### DATA EXCERPTS
= = = = =

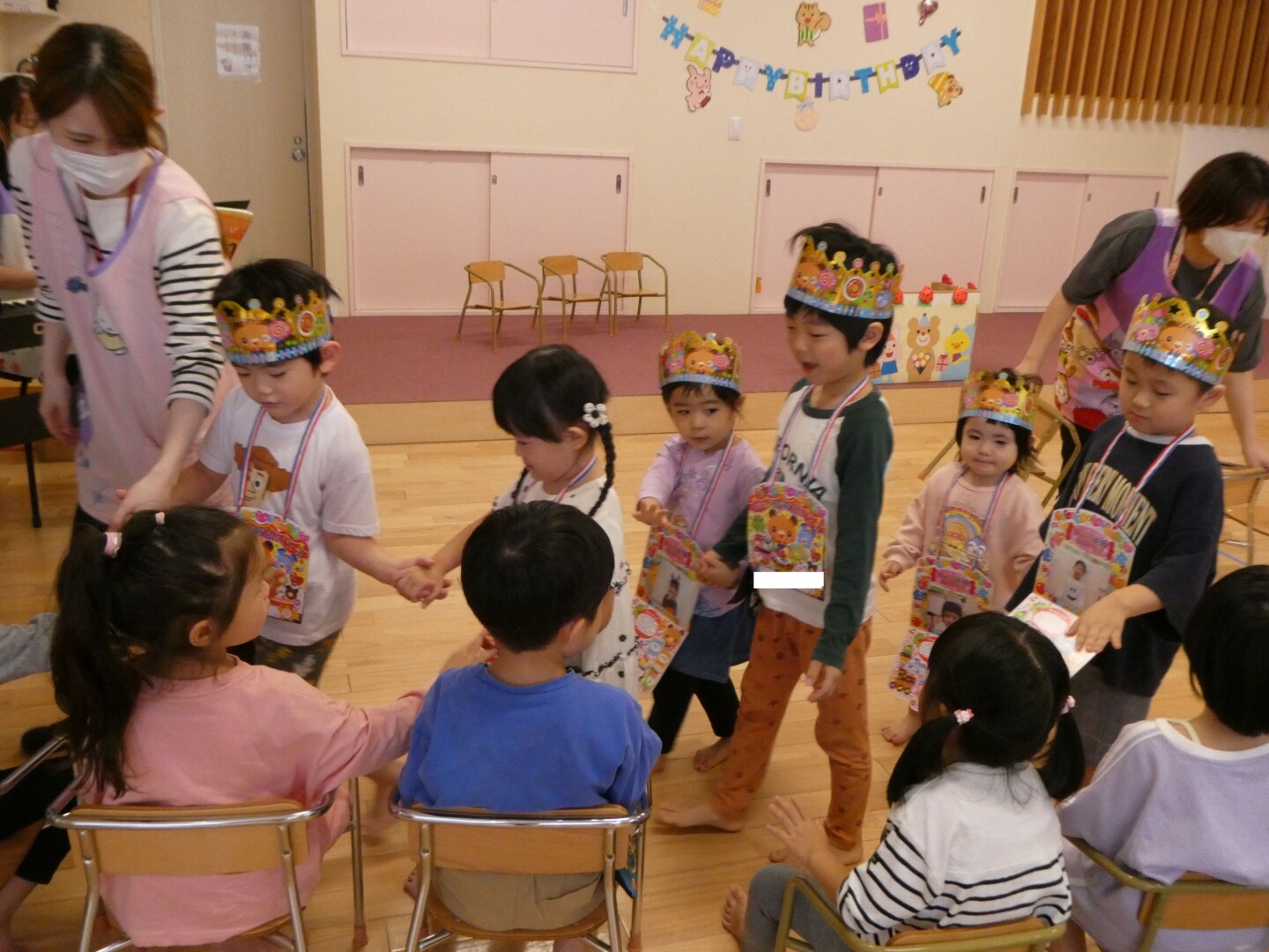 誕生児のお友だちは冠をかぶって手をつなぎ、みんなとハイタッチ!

= = = = =

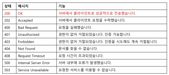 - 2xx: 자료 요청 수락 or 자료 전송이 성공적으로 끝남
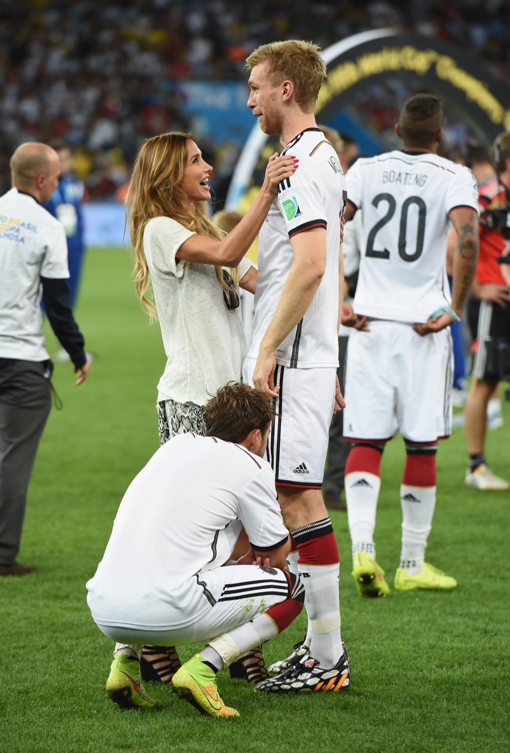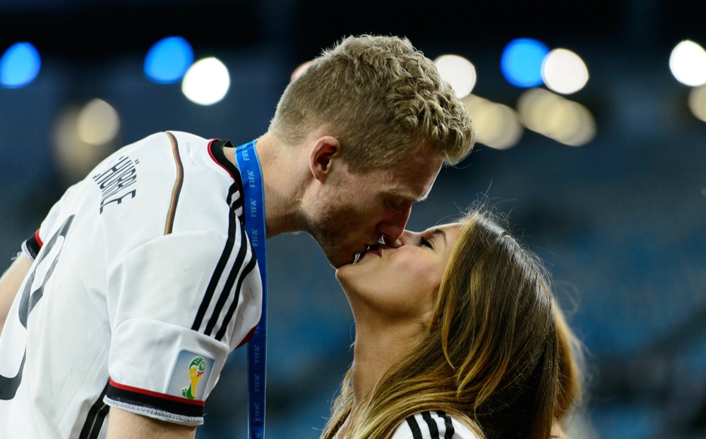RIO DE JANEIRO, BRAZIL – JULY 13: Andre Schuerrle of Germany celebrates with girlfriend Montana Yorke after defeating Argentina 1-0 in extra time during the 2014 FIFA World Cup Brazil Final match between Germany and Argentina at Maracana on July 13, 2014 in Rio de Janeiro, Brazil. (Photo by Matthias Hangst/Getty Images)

= = = = =

### YOUR TASK
Here the job is to copy the listing above word for word, starting at the line with "- 2xx: 자료 요청 수락 or 자료 전송이 성공적으로 끝남" and ending at the line with "RIO DE JANEIRO, BRAZIL –", and to leave out the pictures.

### RESULT OF THIS EXERCISE
 - 2xx: 자료 요청 수락 or 자료 전송이 성공적으로 끝남
RIO DE JANEIRO, BRAZIL – JULY 13: Andre Schuerrle of Germany celebrates with girlfriend Montana Yorke after defeating Argentina 1-0 in extra time during the 2014 FIFA World Cup Brazil Final match between Germany and Argentina at Maracana on July 13, 2014 in Rio de Janeiro, Brazil. (Photo by Matthias Hangst/Getty Images)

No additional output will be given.